*To do*. One exact copy of the listing is needed. It should contain no pictures.

*Supplied information*.
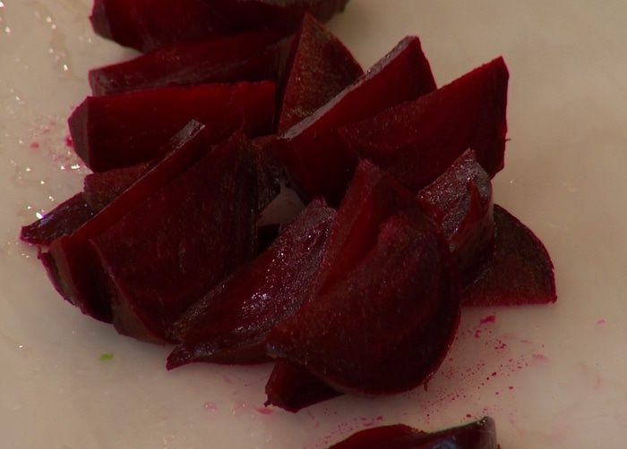 Запеченную свеклу почистить и порезать тонкими дольками.
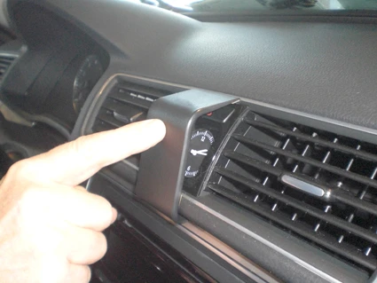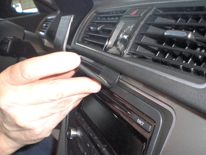 Use the enclosed alcohol pad to clean the area where the ProClip is to be installed. Press the thin ends of the thin gap opener into the gap between the air vent panel frame and the padded part of the dashboard, to widen the gap. Peel off the cover of adhesive tape on the ProClip. Hold the ProClip in an almost horizontal position and press the thin angled edge on the lower part into the gap/seam between the center console panel and the air vent panel overhang.
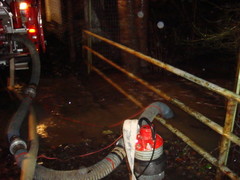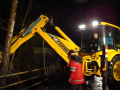Die nun über die Strasse führenden Wassermengen fanden den neuen Weg in das Bachbett über das gegenüberliegende Anrainergrundstück mit direktem Verlauf zum darauf befindlichen Objekt. Um Sachschäden abzuwenden wurde bis zum eintreffen eines Löffelbaggers zur Freilegung der Rohrquerung das Wasser mittels TS sowie Tauchpumpe ergänzend umgeleitet.

*Output of the exercise*.
 Запеченную свеклу почистить и порезать тонкими дольками.
 Use the enclosed alcohol pad to clean the area where the ProClip is to be installed. Press the thin ends of the thin gap opener into the gap between the air vent panel frame and the padded part of the dashboard, to widen the gap. Peel off the cover of adhesive tape on the ProClip. Hold the ProClip in an almost horizontal position and press the thin angled edge on the lower part into the gap/seam between the center console panel and the air vent panel overhang.
Die nun über die Strasse führenden Wassermengen fanden den neuen Weg in das Bachbett über das gegenüberliegende Anrainergrundstück mit direktem Verlauf zum darauf befindlichen Objekt. Um Sachschäden abzuwenden wurde bis zum eintreffen eines Löffelbaggers zur Freilegung der Rohrquerung das Wasser mittels TS sowie Tauchpumpe ergänzend umgeleitet.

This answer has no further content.